そんなある日、ダニエルのクラスに変わり者の転校生がやってくる。名前はテオ(テオフィル・バケ)。目立ちたがり屋で、自分で改造した奇妙な自転車を乗り回し、家の稼業のせいで身体からガソリンの匂いを漂わせている。周囲から浮いた存在のダニエルとテオは意気投合し、やがて親友同士になっていく。学校や家族、そして仲間達、みんなが二人を枠にはめて管理しようとしてくる。息苦しくて、うんざりするような毎日から脱出するため、彼らは“ある計画”を考え付く。それは、スクラップを集めて〝夢の車”を作り、夏休みに旅に出ることだった―。(公式HPより)

 

14歳の少年二人が夏休みに“動くログハウス”で旅をするロードムービーで、ミシェル・ゴンドリー監督の自伝的青春映画です。

ダニエル役の子は女の子と言われても納得の容姿。でもそれが彼のコンプレックスでもある。それなら髪を切れば良いと思うけど、それでは他に何も取り柄がない(と自分では思っている)彼にとって没個性になってしまうというジレンマがある。思春期特有の複雑な感情がダニエルを支配しています。

クラスで浮いてる彼は、転校してきて同じように周囲から浮いてるテオにシンパシーを感じます。廃品から見つけたエンジンが発端で、二人は自動車を作ります。そのままでは公道を走れない(当然年齢的にもOUT)のですが、ダニエルは外観を家にしてカムフラージュすることを思いつきます。
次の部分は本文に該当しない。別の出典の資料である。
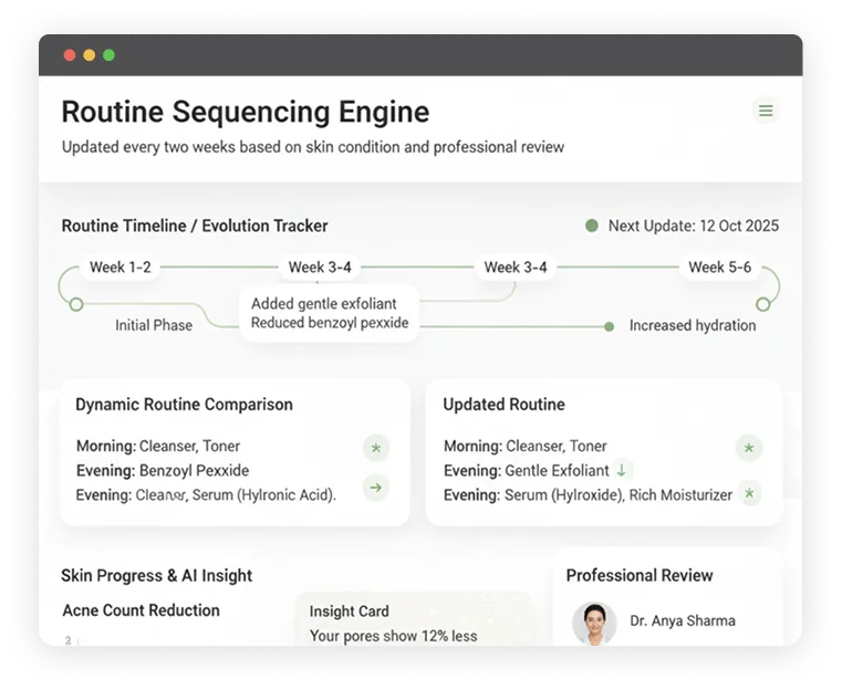 The acne portal updates routines every two weeks based on skin condition and professional review, ensuring each plan evolves as the client’s skin improves, mirroring the flexibility of a virtual skincare consultation.
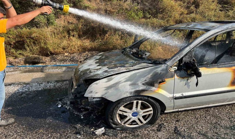 Muğla’nın Milas ilçesinde Yatağan karayolu üzerinde seyir halinde olan bir otomobil, henüz belirlenemeyen bir sebeple aniden alev aldı.
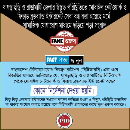 | ২২/০৯/২০২৪ | খাগরাছড়ি ও রাঙামাটি জেলার উদ্ভূত পরিস্থিতিতে মোবাইল নেটওয়ার্ক ও ফিক্সড ব্রডব্যান্ড ইন্টারনেট সেবা বন্ধ করা হয়েছে মর্মে সামাজিক যোগাযোগ মাধ্যমে গুজব | |
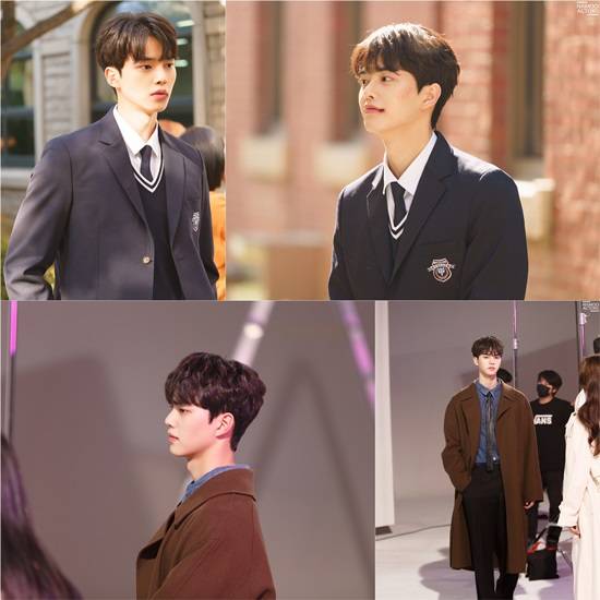 먼저 촬영 현장 속 교복을 입고 있는 송강은 新 만찢남(만화를 찢고 나온 남자)이라는 수식어에 걸맞게 웹툰 원작 속 선오 그 자체로 변신했다.
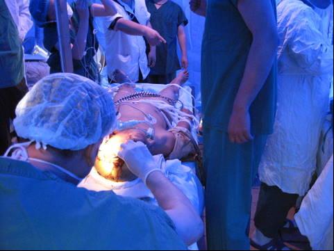 “帐篷手术室”内,天津抗震救灾医疗队专家们为青川颅脑损伤患者行开颅手术。
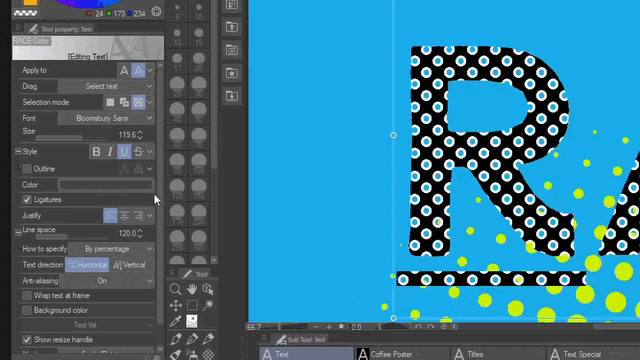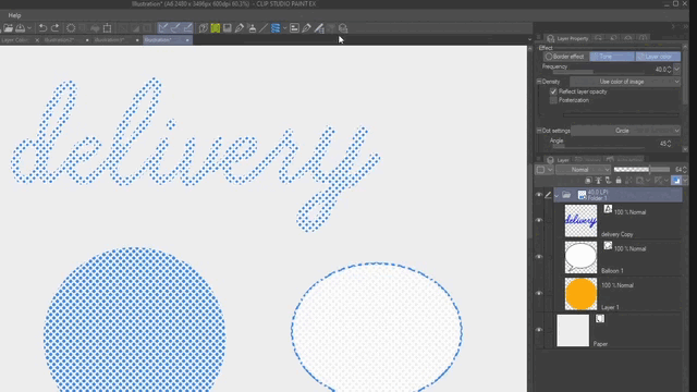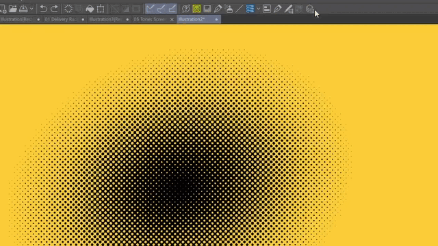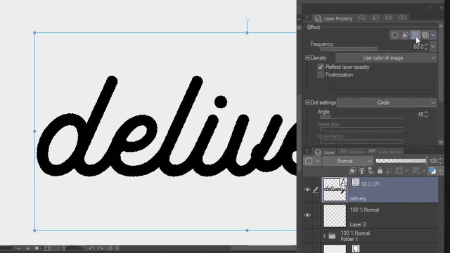 Vous pouvez convertir n'importe quel texte ou image en trames ou similigravures en sélectionnant le calque ou le dossier et en cliquant sur l'effet Trame dans la palette Propriétés du calque. Il représentera toutes les valeurs d'une image avec des formes ou des points en noir et blanc.
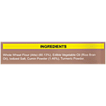 Whole Wheat Flour (Atta), Edible Vegetable Oil (Rice Bran Oil), Iodised Salt, Cumin Powder, Turmeric Powder

実に楽しそうに「夢の家」を作る様子が描かれます。テオのお母さんも薄々気付いていながら見て見ぬふりをしてくれているように感じました。

夏休みに入ったある夜、親に嘘をついて旅に出た二人。(ダニエルは兄には本当のことを打ち明けていて、兄も彼にスマホを持たせて協力的です。これは母に心配をかけないための工作でもあって、やはり男の子は母親に優しいんだな~とか筋書と関係ないことで嬉しくなったりでもそのスマホは悲惨な運命を辿るのですが)途中で出会った警官たちも家の外観に騙されます。窓辺に飾った花鉢が効いてるんだな~~(いやいや、普通道路の端っこにそんな建造物があったら疑問を持つと思うんだけどね

旅の途中で出会ったちょっと変わった大人たち(風俗店のおねーさんや不良?たち、子供に家を出ていかれた歯医者の夫婦)とのエピソードが愉快。
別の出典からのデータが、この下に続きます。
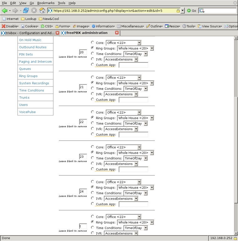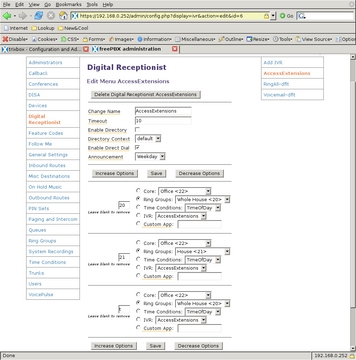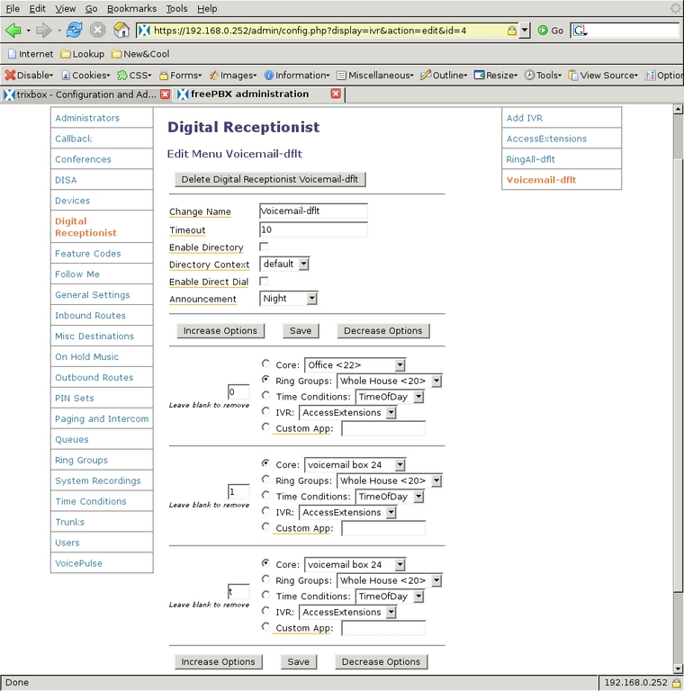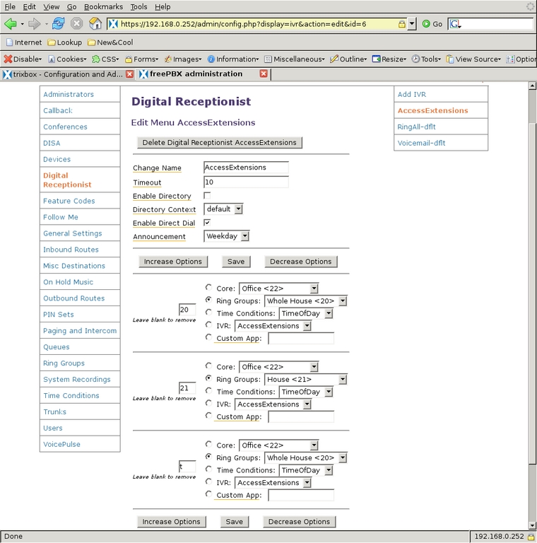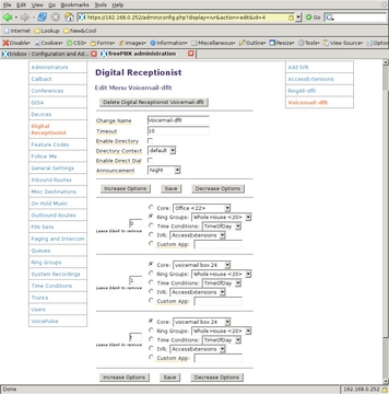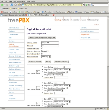 The Digital Receptionist is only a bit more complex with three menus. I defined each of these by selecting the Add IVR link at the top of the right-side menu. The configuration of a Digital Receptionist menu is quite straightforward, once a person knows what each option does. The general section at the top allows for defining or changing the name of the IVR; next, is the number of seconds the caller has to enter an option, after which the t option is used; Enable Directory and Directory Context allow the caller to go to the automated directory system by entering #; Enable Direct Dial means that the caller can enter directly any extension defined in Extensions; Announcement is the audio message played to the caller before making the dial options available. Below the general section are other choices callers can select to take them to other parts of the system. Options for the caller to enter must not conflict with any Extensions. What can be chosen for destinations depends on the modules installed in the system, and most are self-explanatory. One of the possible destinations is another IVR menu that allows for very powerful cascading menu systems.

テオが決めた目的地へ行く途中、坂道に挫けたダニエルは言葉巧みに恋するローラの滞在先へと変更させますが、告白するしないで口論している最中にロマの家と間違われて彼らの車も燃やされてしまいます。仲違いした二人はしばし別行動。ダニエルは風俗店で中途半端に切られた髪を自分で刈り上げます。(あらら~~短髪だとちゃんと男の子に見えるね)不良への仕返しでラグビーボールを奪って逃走中にテオと再会し、二人で逃げる途中で車は完全にオシャカに

でも、ダニエルが得意の絵でパリまでの航空券をGETして二人は家に戻ることができました。(年齢詐称とかすぐばれそうなものですがね

ここまでなら夏休みの愉快な冒険談で終わるところですが、この旅行中にテオの母親が病死していて、彼は親戚のところに行くことになります。(おそらくは働くことになるのでしょう)テオのいない新学期、ダニエルはテオのことを悪く言った同級生を殴って(テオに教わったやり方ですね)しまいます。以前のダニエルからは考えられない行動ですが、これも一つの成長の証でしょう。

ダニエルとテオの母親は接し方は放任と過干渉と違ってはいますが、愛情という点ではどちらも息子を間違いなく愛しています。それが伝わってきたのも良かったです。